5.01.2013

Thoughts on Media and Government and Obama and Bush and More

The White House Correspondent's Dinner was held over the weekend (video here). Washington's annual glamour event - and a fine example of that genre of events fondly and inevitably called 'nerd proms' by those who attend - was not without its detractors. Tom Brokaw, for one, had some harsh things to say in a recent Politico interview:

"Last year, Brokaw became one of the biggest critics of the annual White House Correspondents’ Dinner after he saw Washington buzzing around and about the troubled Hollywood actress, who was a guest of Fox News’s Greta Van Susteren.
 
"The breaking point for me was Lindsay Lohan,” Brokaw told POLITICO during a recent interview in his office in the NBC News Rockefeller Plaza headquarters in New York. “She became a big star at the White House Correspondents’ Dinner. Give me a break.”

The veteran TV newsman’s vocal dissent after the dinner in 2012 was notable for a number of reasons.

First, Brokaw’s industry stature made him the most notable media figure to criticize an annual event so precious to many of his colleagues in the press corps. Second, Brokaw has standing beyond his long tenure as the “Nightly News” anchor — he was once a White House correspondent during the Watergate era. And lastly, his critique was purposeful, public and unpredictable; he made a point to, seemingly out of nowhere, bash the WHCD on “Meet the Press” just one week after the soiree, saying it was “time to rethink” the occasion since it, in his words, “separates the press from the people that they’re supposed to serve, symbolically.”"

Bravo Mr. Brokaw. Everything about a fancy dinner where the most visible member of a government chums it up with the most prominent members of the media seems off in a society where that media, whose voice is guaranteed by nothing less than a constitution, is supposed to act as a, and sometimes the, major safeguard against that government.

Another event this week, the opening of the Bush library, also put the relationship between government and the media in the spotlight, albeit in a slightly more subtle way. In short, and in a theme which I saw play out in a number of blog posts and articles this week, it seems like the media likes the ideas and policies of the current administration, but not the man behind them. In a complete reversal, the Bush years saw a broad dislike of policies coupled with a fondness for the man.

In a related development, it seems that the Bush legacy is started to take shape, and may be more favorable than some had supposed it would be, as the juxtaposition with the current 'cold' president has reminded people that Bush at least had his heart in the right place.

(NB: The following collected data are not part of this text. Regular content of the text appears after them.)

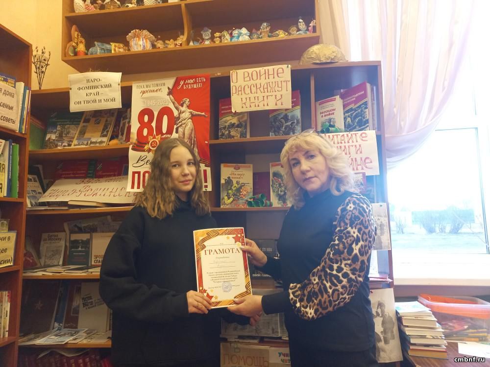 В связи с празднованием Всероссийской недели детской и юношеской книги, посвященной 80-летию Победы в Великой Отечественной войне, самые активные читатели были награждены грамотами. В завершение мероприятия дети посмотрели презентацию «Улицы в лицах».
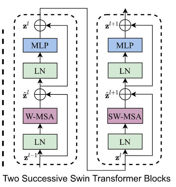 O Swin Transformer é construído substituindo o módulo padrão de multi-head self attention (MSA) (Traducao Wikipedia: autoatenção multicabeça) em um bloco de Transformer por um módulo baseado em janelas deslocadas (shifted windows), com as outras camadas mantidas sem alteração, como ilustrado na Figura 3(b).
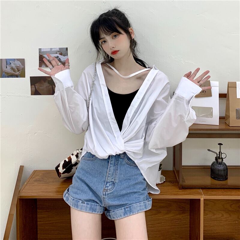 ✞ ♡ラウンドネック長袖スリーブ白シャツブラウス ロング ホワイト ✞ゴスロリ SM ミリ 甘ロリ クラロリ 和ロリ エレガント 黒ロリ 姫ロリ 華ロリ BB-BB51112613715
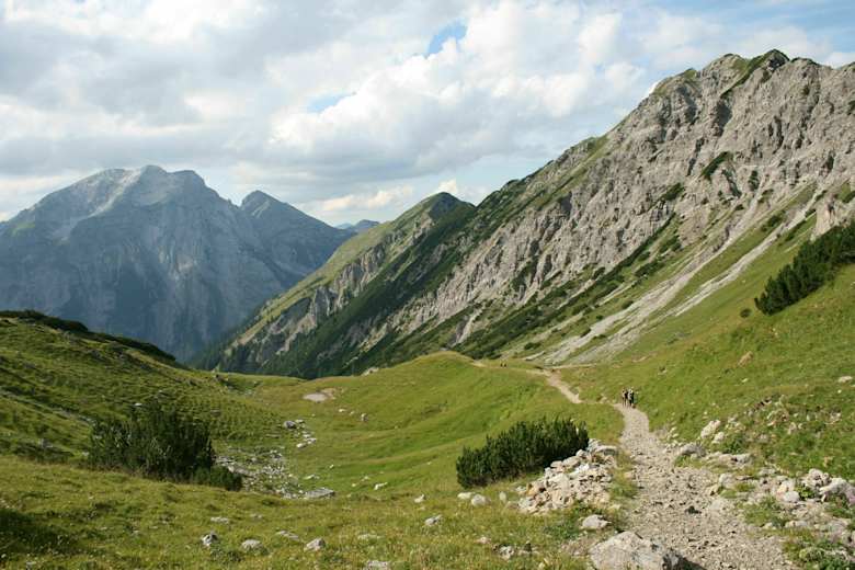 Unterhalb der Laliderer Wände, in der Falkenhütte, haben viele Gipfelgespräche stattgefunden, aber der Weg dieser Etappe führt durch sanfte Almwiesen abwärts. Nach der beschaulichen Ladizalm geht es durch lichten Wald über einen Karrenweg hinunter zum märchenhaften Kleinen Ahornboden, der landschaftlich ebenso beeindruckt wie sein großer Bruder. Nachdem man bisher keine Höhenmeter bewältigt hat ist man frisch für den nun anstehenden Aufstieg. In Richtung Nordwesten erreicht man das Untere Filztal, von wo aus noch 400 aussichtsreiche Höhenmeter bis zum Karwendelhaus zurückzulegen sind. Nun ist das Etappenziel erreicht und man kann in diesem schönen Schutzhaus in den Tiroler Bergen die vielen Eindrücke des Tages revuepassieren lassen.
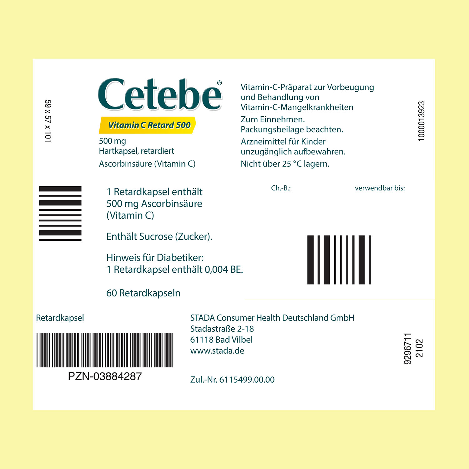 Cetebe® Vitamin C Retard 500 ist ein freiverkäufliches Arzneimittel. Die angegebene empfohlene tägliche Dosis darf nicht überschritten werden. Die Cetebe® Vitamin C Retardkapseln sind unzerkaut mit ausreichend Flüssigkeit einzunehmen.
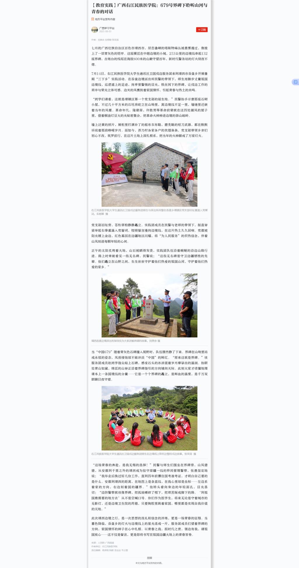 8月3日,学习强国以《广西beat365英国官方网站:679号界碑下聆听山河与青春的对话》为题,报道了beat365英国官方网站大学生通讯社卫国戍边服务团来到靖西市吞盘乡开展暑期“三下乡”实践活动。在吞盘边境派出所民警的带领下,师生用脚步丈量祖国边境线,边关的风裹挟着家国情怀,引起青春与热土的共鸣。
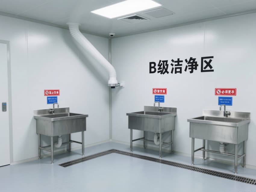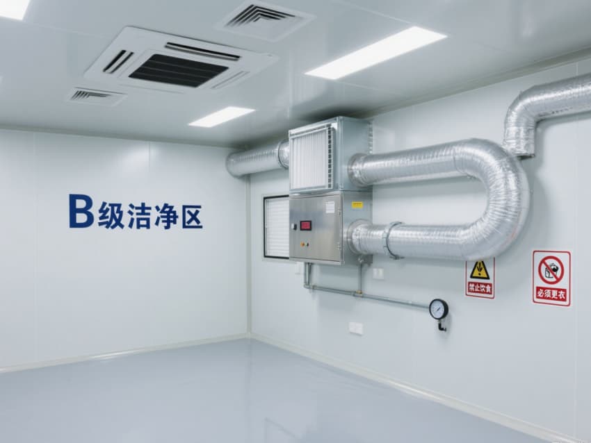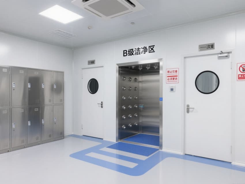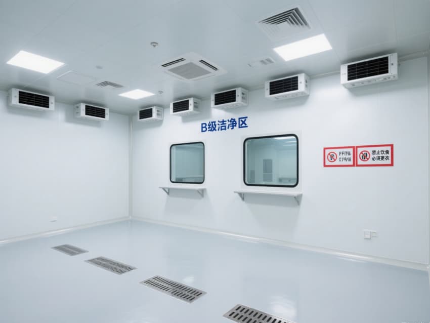 顶部嵌入式高效送风口形成垂直层流,配合侧下回风系统实现每小时15-25次空气置换,恒温恒湿系统精准控制温度(18-26℃)、湿度(45-65%)。不锈钢洁净门窗与传递窗采用高气密性密封结构,嵌入式LED洁净灯提供≥300lux均匀照明,全方位营造安全、精准的生物制药生产基础环境。

Of course, especially with respect to the Bush years, these themes may be a bit simplified and are pretty big generalizations. Some liked the policies (and think there could be a positive legacy), while some didn't (and don't). However, and as Bush himself often predicted, it is certainly true that time has painted a different picture of him than was being created while he was in office. Two lessons seem apparent here. First, Bush may have been more complicated than many ever gave him credit for. Secondly, the same may be true of the media.